Additionally, there is no proof that petitioner’s current residence is temporary or transitional. Other than her assertions that the residence is “temporary” and rented on a month-to-month basis, petitioner has not submitted any evidence concerning her arrangement with her landlord. Consequently, the record contains no evidence that petitioner or the student need to vacate their current residence or that there is a fixed time limit as to how long they may remain (see Appeals of S.R., 56 Ed Dept Rep, Decision No. 16,987; Appeal of A.N.Z., 53 id., Decision No. 16,537; Appeal of a Student with a Disability, 52 id., Decision 16,404).
Finally, petitioner’s attempted reliance on certain statements contained in McKinney-Vento is misplaced as these provisions pertain to students who meet McKinney-Vento’s definition of “homeless children and youths.” Petitioner quotes selected statements from 42 USC §11432(g)(3) which indicate that certain enrollment decisions must be made “according to the child’s or youth’s best interest” and asserts that, here, remaining within respondent’s district is in the student’s best interest. However, these provisions apply only to students who are homeless (see Education Law §3209[f]) and, as described above, petitioner has failed to meet her burden of proof in this respect.

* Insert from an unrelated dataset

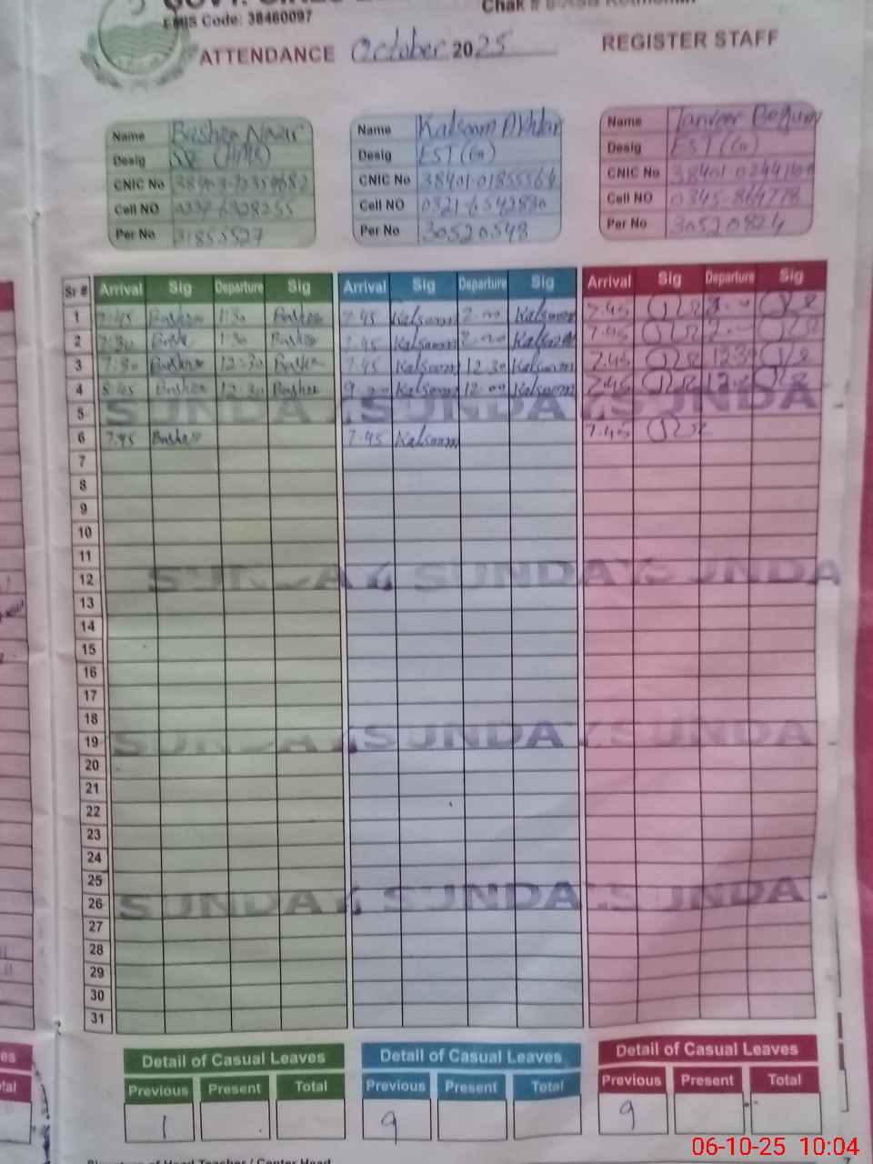 | CNIC | Full Name | Designation | R/C | Absence during last cal. month |

Thus, based upon the record before me, I am constrained to find that petitioner has failed to demonstrate that the student is homeless within the meaning of McKinney-Vento in that he lacks a fixed, regular and adequate nighttime residence or that the student is living in the kind of shelter or other accommodations set forth in Education Law §3209(1)(a). Despite the deficiencies in the present record, the record suggests that petitioner and her family have experienced economic hardship and may be at risk of becoming homeless. Although I am sympathetic to petitioner and her family’s circumstances, she has not submitted sufficient evidence in this appeal to prove that the student is currently homeless. Accordingly, I cannot find respondent’s determination that the student was not homeless to be arbitrary or capricious.
Although the appeal must be dismissed for the reasons described above, I note that petitioner has the right to reapply for admission on behalf of her child at any time, should circumstances change, and to submit any documentary evidence for respondent’s consideration.
THE APPEAL IS DISMISSED.
END OF FILE
 Education Law §3209(1)(a-1)excludes from the definition of “homeless child” a child in a foster care placement or receiving educational services under certain provisions of Education Law §3202 or Articles 81, 85, 87 or 88 of the Education Law, circumstances not presented in this appeal.